Could you retype every line below exactly, omitting the images?

> _SOURCE MATERIAL_
▬▬▬▬▬▬▬▬▬▬
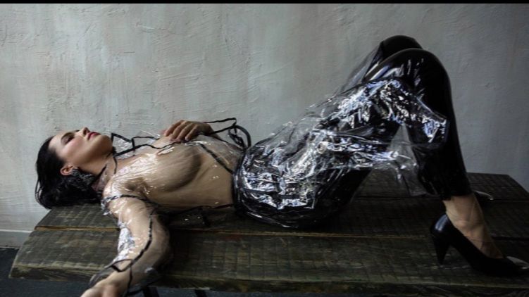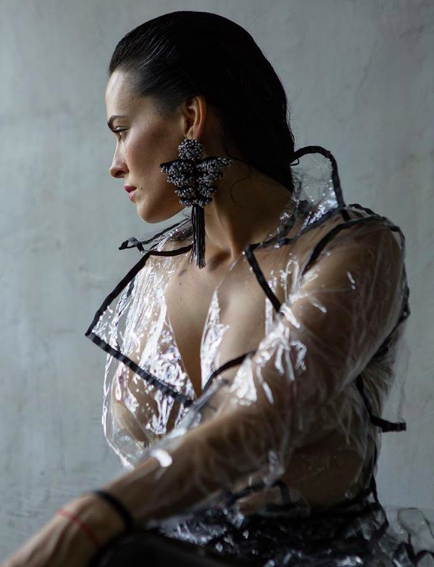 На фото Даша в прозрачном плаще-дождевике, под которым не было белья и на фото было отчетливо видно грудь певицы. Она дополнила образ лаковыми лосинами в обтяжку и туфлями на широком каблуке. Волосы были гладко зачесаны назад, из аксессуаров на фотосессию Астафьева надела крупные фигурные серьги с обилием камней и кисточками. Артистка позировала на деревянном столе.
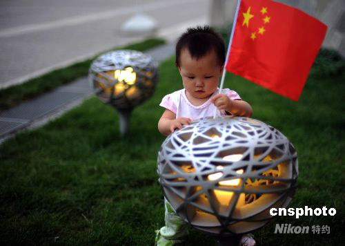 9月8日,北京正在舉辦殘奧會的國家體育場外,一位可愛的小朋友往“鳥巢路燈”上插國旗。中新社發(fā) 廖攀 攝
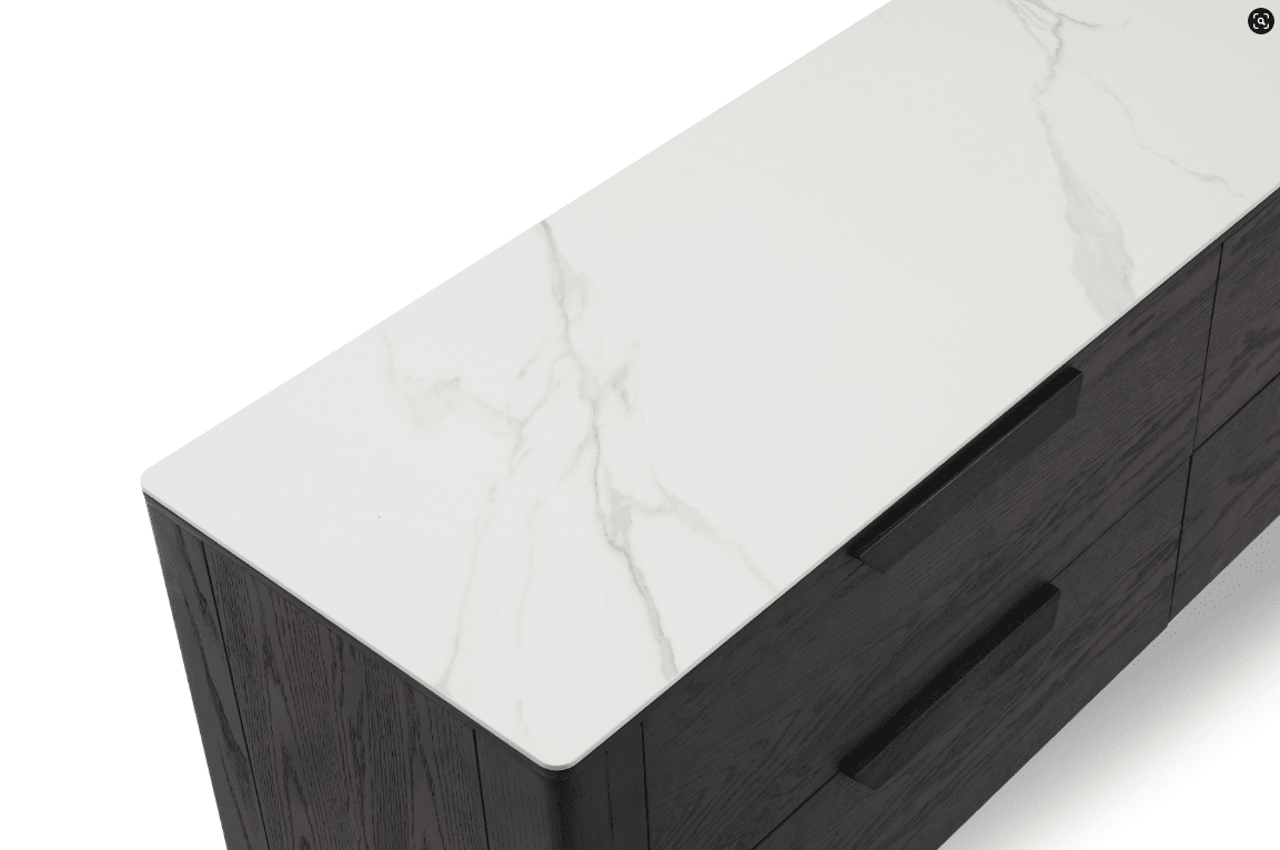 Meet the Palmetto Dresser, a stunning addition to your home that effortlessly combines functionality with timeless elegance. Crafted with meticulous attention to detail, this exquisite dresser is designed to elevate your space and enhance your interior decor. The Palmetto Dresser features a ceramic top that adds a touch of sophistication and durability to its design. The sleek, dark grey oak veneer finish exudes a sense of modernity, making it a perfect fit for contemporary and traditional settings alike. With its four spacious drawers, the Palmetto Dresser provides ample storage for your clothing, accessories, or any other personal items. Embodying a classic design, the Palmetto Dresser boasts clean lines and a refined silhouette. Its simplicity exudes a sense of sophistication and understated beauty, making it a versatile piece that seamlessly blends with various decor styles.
▬▬▬▬▬▬▬▬▬▬
> _ANSWER SECTION_
 На фото Даша в прозрачном плаще-дождевике, под которым не было белья и на фото было отчетливо видно грудь певицы. Она дополнила образ лаковыми лосинами в обтяжку и туфлями на широком каблуке. Волосы были гладко зачесаны назад, из аксессуаров на фотосессию Астафьева надела крупные фигурные серьги с обилием камней и кисточками. Артистка позировала на деревянном столе.
 9月8日,北京正在舉辦殘奧會的國家體育場外,一位可愛的小朋友往“鳥巢路燈”上插國旗。中新社發(fā) 廖攀 攝
 Meet the Palmetto Dresser, a stunning addition to your home that effortlessly combines functionality with timeless elegance. Crafted with meticulous attention to detail, this exquisite dresser is designed to elevate your space and enhance your interior decor. The Palmetto Dresser features a ceramic top that adds a touch of sophistication and durability to its design. The sleek, dark grey oak veneer finish exudes a sense of modernity, making it a perfect fit for contemporary and traditional settings alike. With its four spacious drawers, the Palmetto Dresser provides ample storage for your clothing, accessories, or any other personal items. Embodying a classic design, the Palmetto Dresser boasts clean lines and a refined silhouette. Its simplicity exudes a sense of sophistication and understated beauty, making it a versatile piece that seamlessly blends with various decor styles.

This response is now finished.